- PROBLEM TO SOLVE -
The line containing "The RFID travel" and each line after it, through the final line of the data, are to be retyped exactly, with pictures left out.

(MATERIAL PROVIDED)

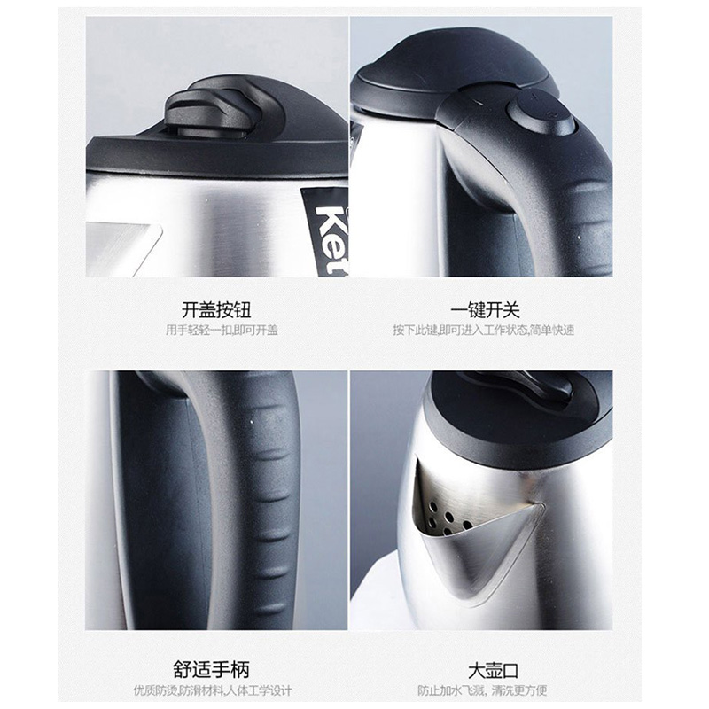 不锈钢电热水壶自动断电烧水壶1.8L【食品级不锈钢/不锈钢色】
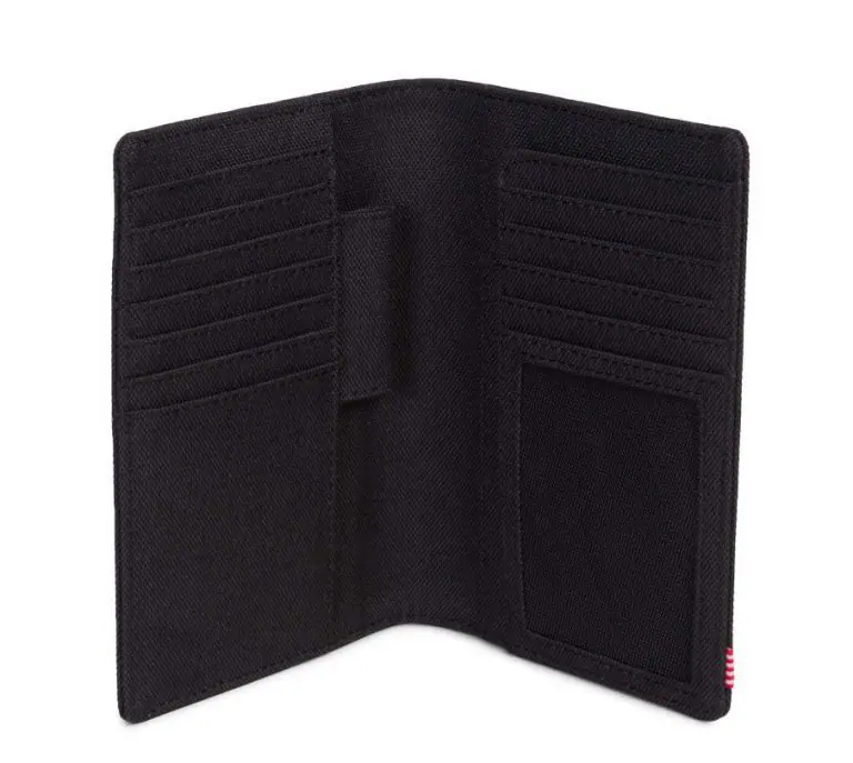 The RFID travel wallet is crafted using striped fabric liner, designed to keep your travel documents organized. This passport holder features a passport sleeve, a pen loop, multiple card slots, storage sleeves, mesh identification window, engineered red and white striped tab, and a classic Herschel Co. logo. Measuring 6 x 3.6 in, stay organized with this conveniently practical rfid passport holder, and always be on the go for a hassle-free, fun-filled vacation.
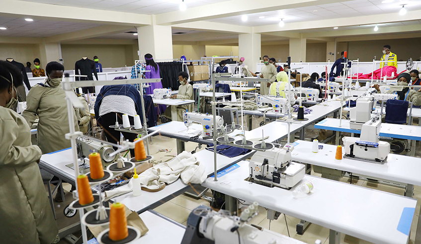 Workers at Apparel Manufacturing Group Ltd, a garment factory in Kigali, last year. / Photo: File.
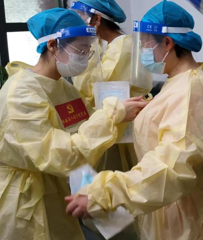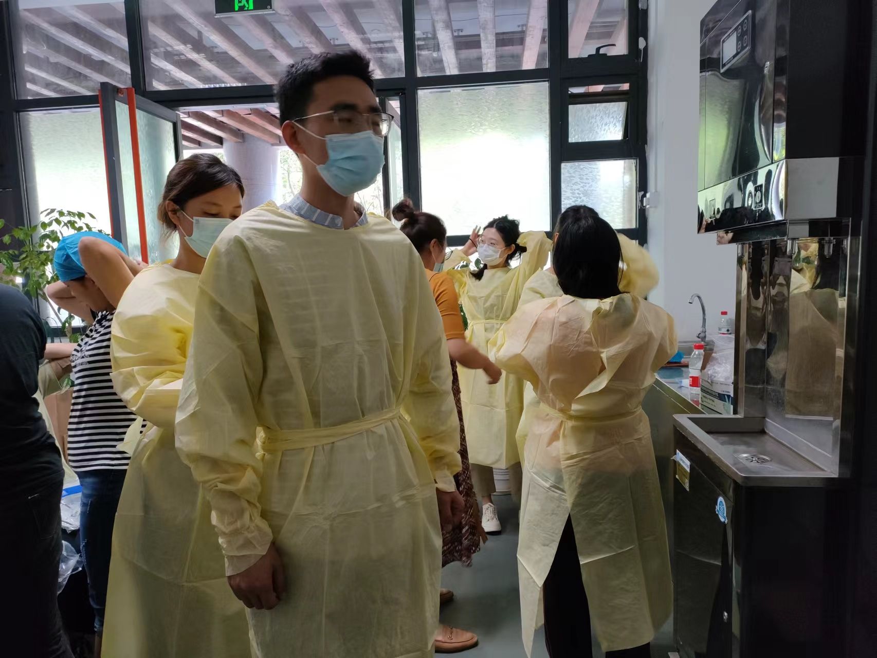 因大部分志愿者已多次参加核酸检测服务,大家一到现场,便相互帮助熟练地穿好防护服,迅速进入工作状态。
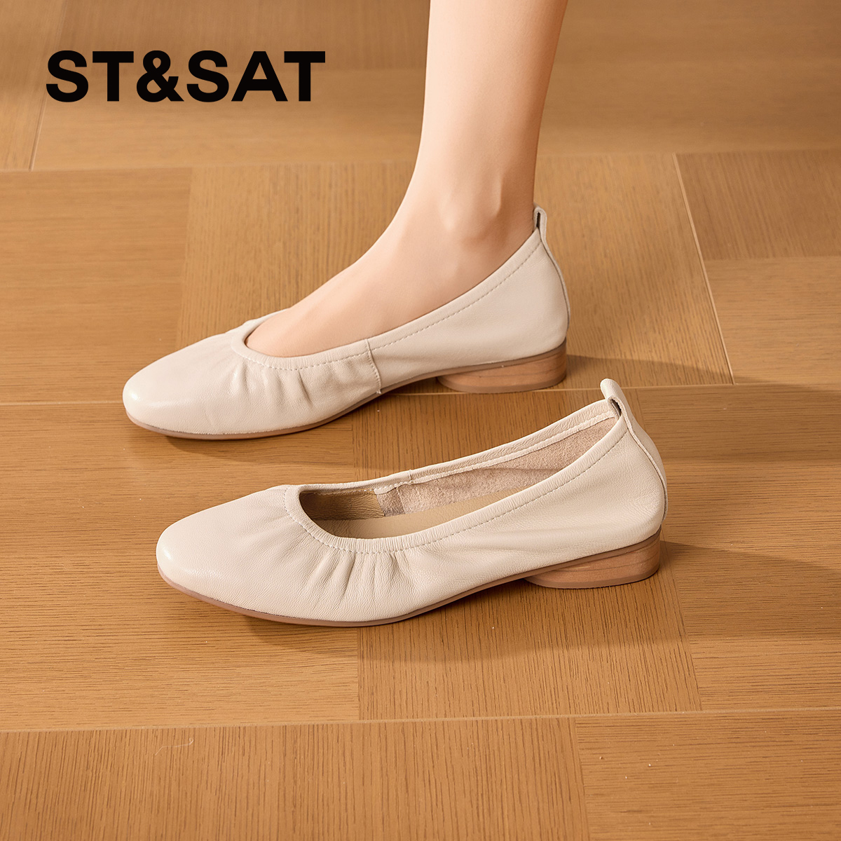 星期六真皮浅口单鞋2025新款法式低跟女鞋一脚蹬不累脚软底奶奶鞋

(End MATERIAL PROVIDED)

- YOUR RESPONSE -
 The RFID travel wallet is crafted using striped fabric liner, designed to keep your travel documents organized. This passport holder features a passport sleeve, a pen loop, multiple card slots, storage sleeves, mesh identification window, engineered red and white striped tab, and a classic Herschel Co. logo. Measuring 6 x 3.6 in, stay organized with this conveniently practical rfid passport holder, and always be on the go for a hassle-free, fun-filled vacation.
 Workers at Apparel Manufacturing Group Ltd, a garment factory in Kigali, last year. / Photo: File.
 因大部分志愿者已多次参加核酸检测服务,大家一到现场,便相互帮助熟练地穿好防护服,迅速进入工作状态。
 星期六真皮浅口单鞋2025新款法式低跟女鞋一脚蹬不累脚软底奶奶鞋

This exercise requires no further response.